Still following closely on Hazz’s heels, they approached the waypoint. There, under its magical glow, she recognized the second body.
This one was slightly smaller than most asura she’d seen. Covered mostly by a dark, hooded coat, it was hard to tell at first if it was male or female. A pool of blood had spread beneath it as well—this was all gruesome work. The deep red stained the stonework path, strangely highlighting the crimson tone of the victim’s hair, which just peeked out from beneath the hood. A slight breeze swept across the body, lightly rustling the tuft of exposed hair. It was so thick, virtually bursting from the hood.

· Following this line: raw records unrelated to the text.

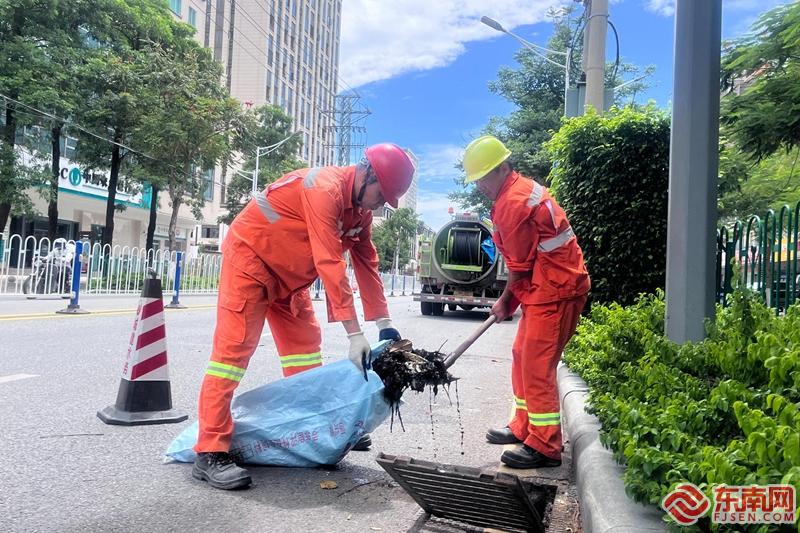 工作人员对城区内市政排水设施进行巡查,提前对易涝积水点路段下水井进行清淤。(余雪燕 摄)
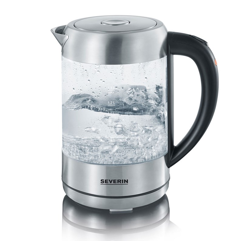 SEVERIN - Corps inox de qualité supérieure et verre résistant à la chaleur - Commande à 1 main pratique et agréable - Nettoyage facile avec son couvercle à grande ouverture - Socle 360° : la bouilloire peut être replacée dans n'importe quel sens sur le socle - Résistance cachée par un fond plat inox - Sécurité contre la surchauffe - Arrêt automatique dés l'ébullition - Interrupteur marche-arrêt avec voyant lumineux - Bec verseur - Pieds antidérapants en caoutchouc - Enrouleur de câble
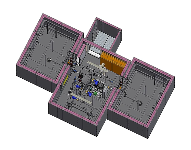 The pump room contains all the equipment required to convert the snow into water and to ensure clean, filtered water is provided to the base. The control room consists of pumps, element tanks, a water filtration system, valves, sensors and electrical control equipment. The unit can melt 850kg of ice in a 2 hour period to 25°C. The structure of the tanks and control room is manufactured from 316 Stainless Steel and insulated with 140mm insulation material to prevent excessive heat loss to the environment.
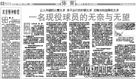 今年9月2日進(jìn)行的中甲聯(lián)賽中,四川隊(duì)坐鎮(zhèn)主場(chǎng)四川大學(xué)體育場(chǎng)對(duì)陣青島海利豐,客場(chǎng)作戰(zhàn)的海利豐3球領(lǐng)先,但該隊(duì)隊(duì)員卻在最后時(shí)刻連續(xù)三次吊射本方球門,不得不讓人懷疑有人在操控比賽。中青報(bào)這篇《一名現(xiàn)役球員的無(wú)奈與無(wú)望》的報(bào)道就從這場(chǎng)比賽切入正題,報(bào)道中稱,一名不愿意透露姓名的川足隊(duì)員說(shuō),“我也想盡早知道這場(chǎng)球的調(diào)查結(jié)果,我不是希望青島被罰降級(jí)或四川留在中甲,我是真想知道能不能從這場(chǎng)比賽中找到假球的證據(jù)!
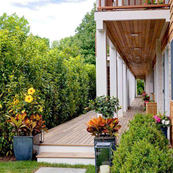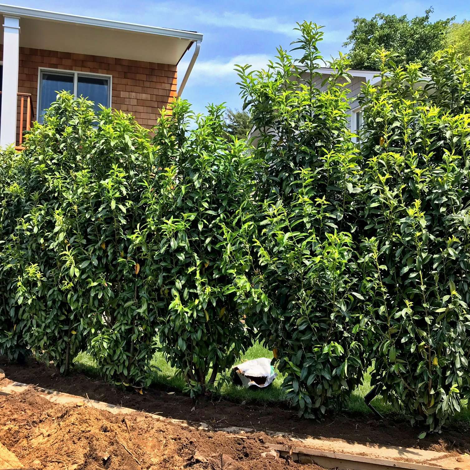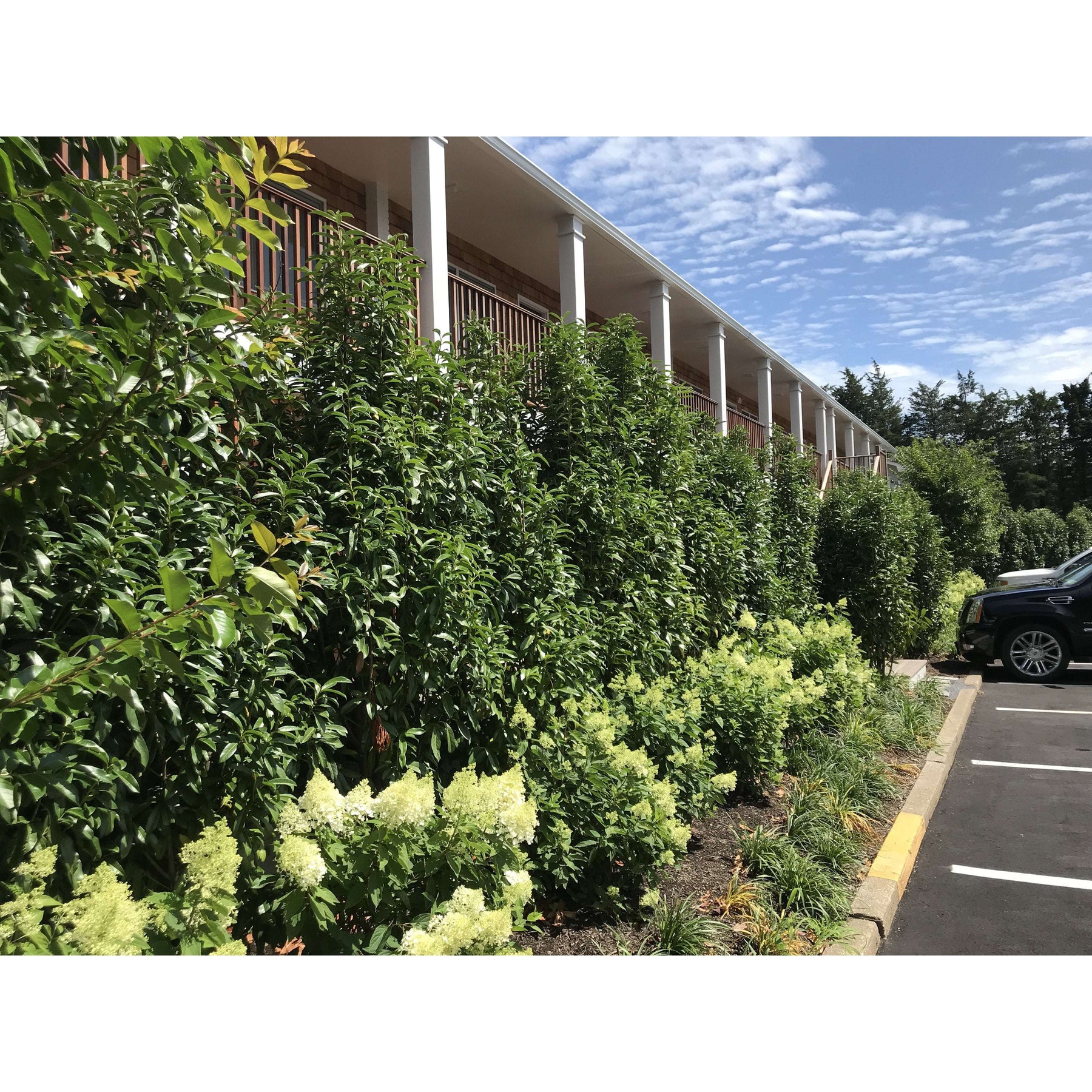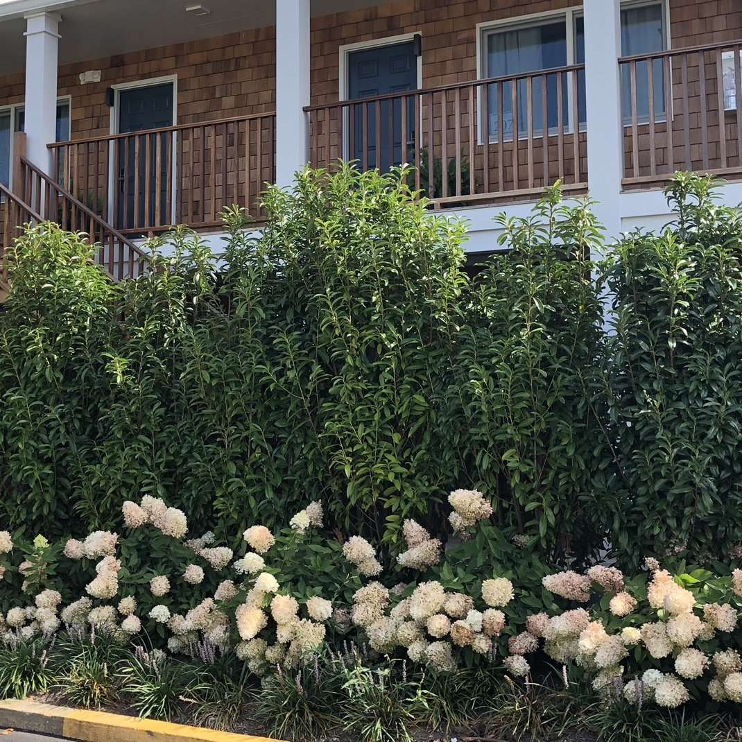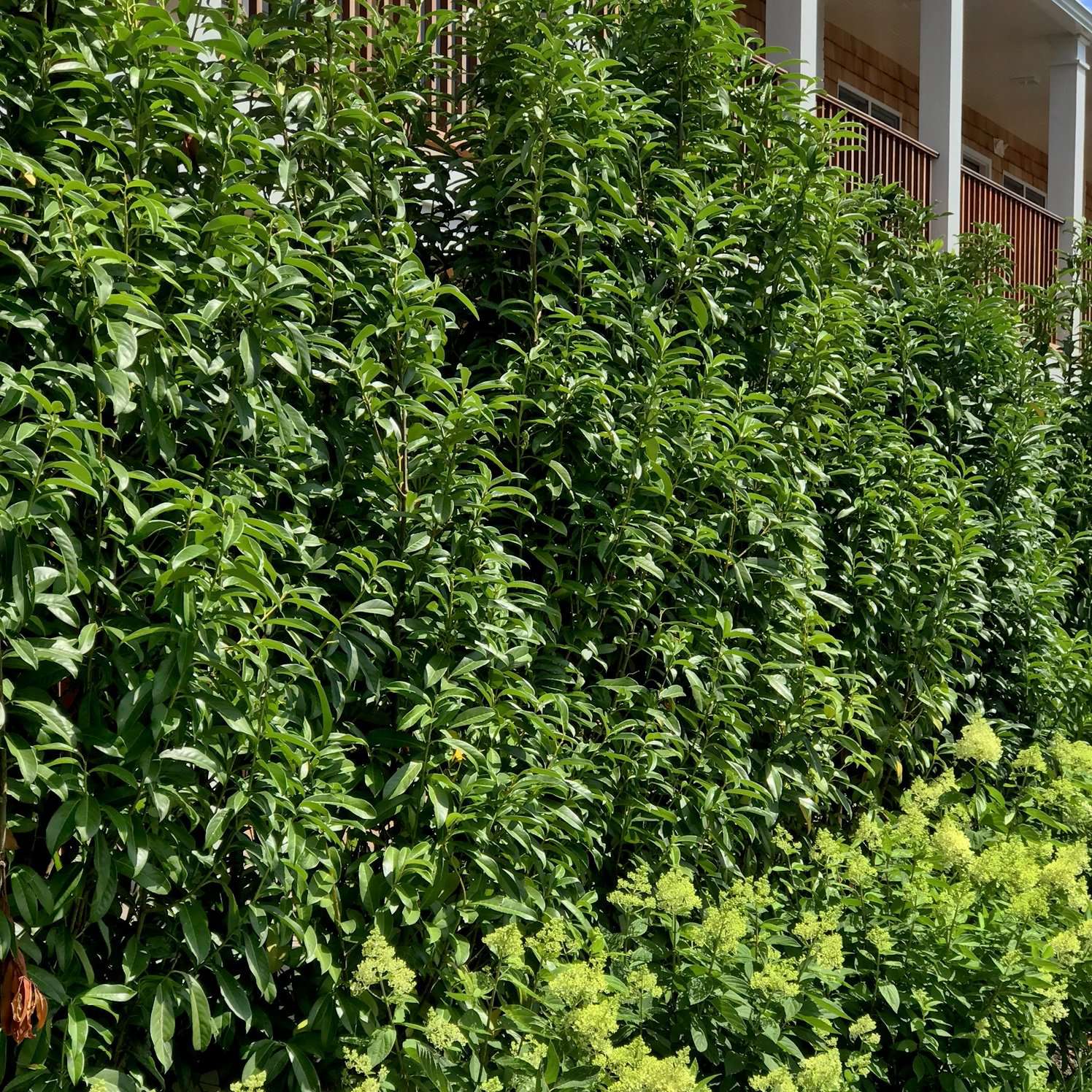 As seen in our photos, 'Mariblon' Laurel make an excellent evergreen privacy hedge.
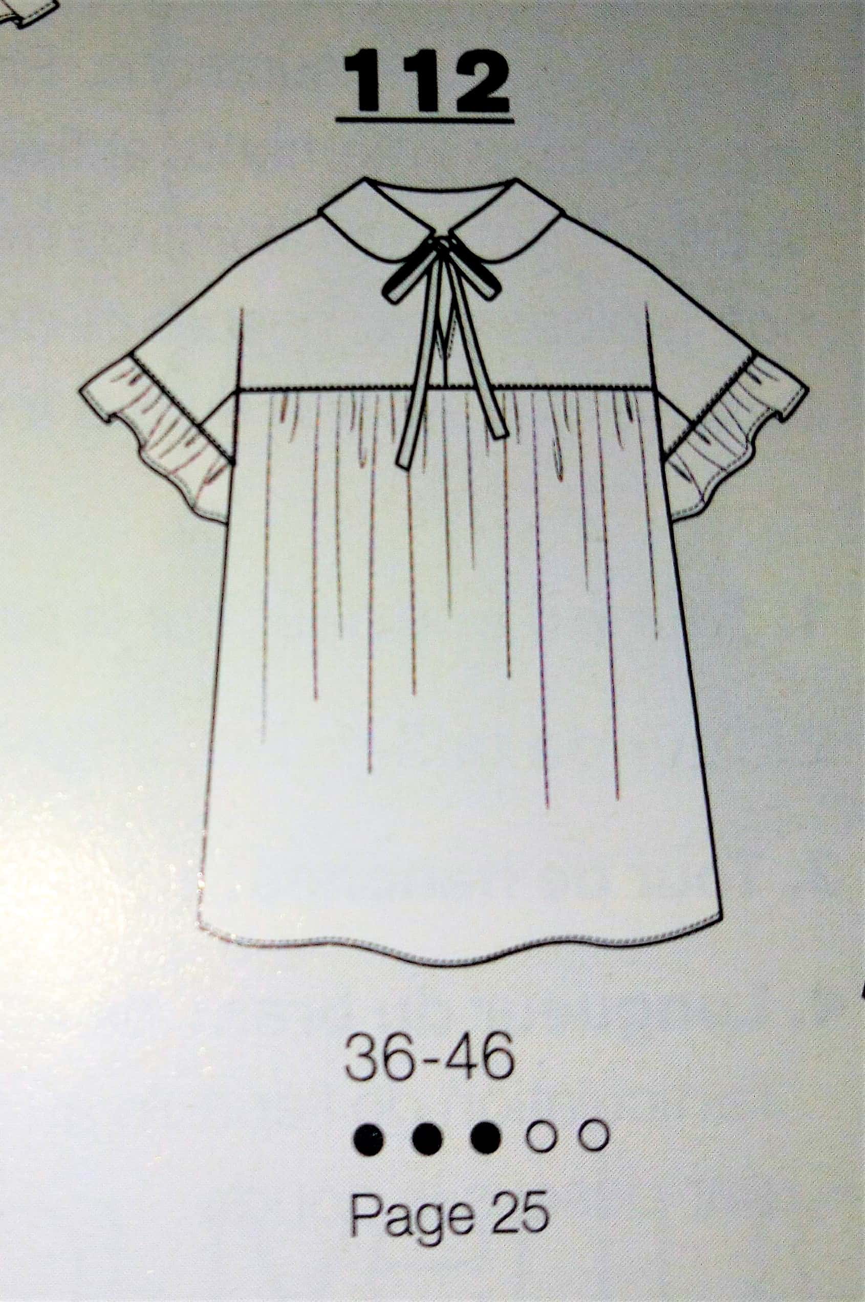 Une autre petite robe qui me plait beaucoup. Elle est légèrement évasée. Son originalité est dans son col en V avec patte boutonnée. Les manches et la découpe d’emmanchures sont réalisés en voile uniquement . Le reste de la robe est lui doublé .pour mettre l’accent sur le tissus de la robe. Elle va de la taille 36 au 46.
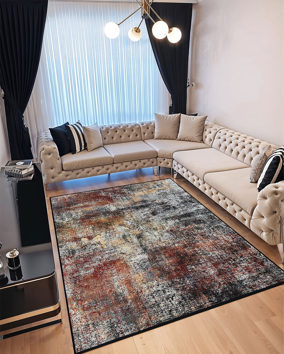 Covor pentru Dormitor 160x230 cm - Model Abstract Carmiziu cu Negru - CVHD015_160x230_CVH
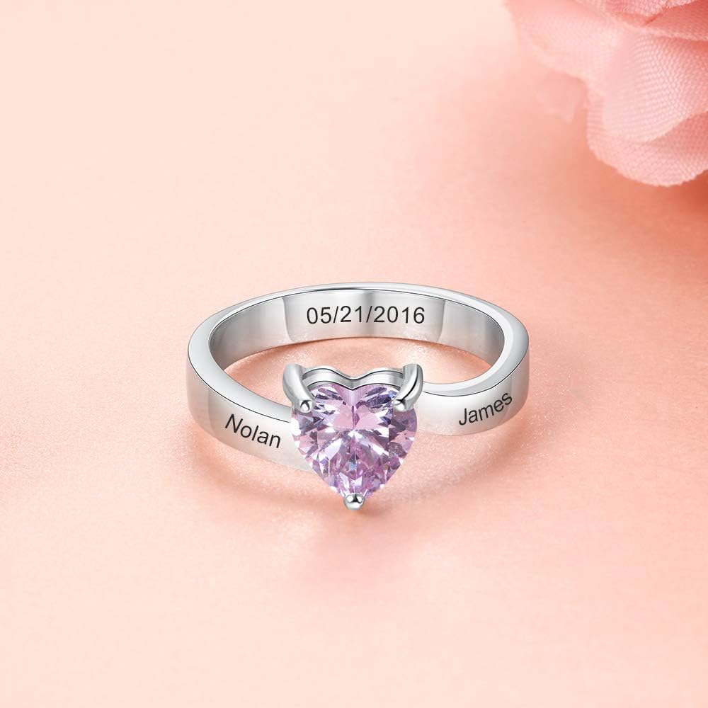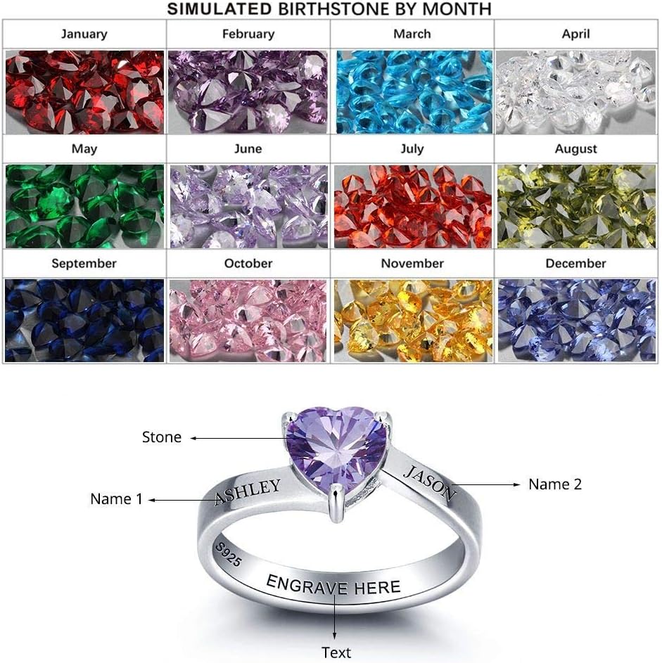 GLAMCARAT خاتم من الفضة الإسترليني على شكل قلب مخصص للأم مع 1 جوهرة ميلاد على شكل قلب محفور عليه اسم مخصص

Just beside the body was another figure: not a peacemaker, but a civilian. Pudgy and balding, he knelt, hunched over the corpse and babbling incoherently. It was all so foreign but so eerily familiar.
“Wepp?” Minkus asked, leaning around Penny. He stepped toward the scene, his big eyes growing bigger still. He looked at the officer, aghast. “What— what is this?”
Penny looked more closely at the scene before her, wondering what Minkus was on about. It was then that everything clicked into place in Penny’s mind: the fat mourner, the dark coat, the crimson hair. And the lifeless, bright, yellow eyes.
“Gods no.” Penny whispered, her eyes widening as well. “Skixx?”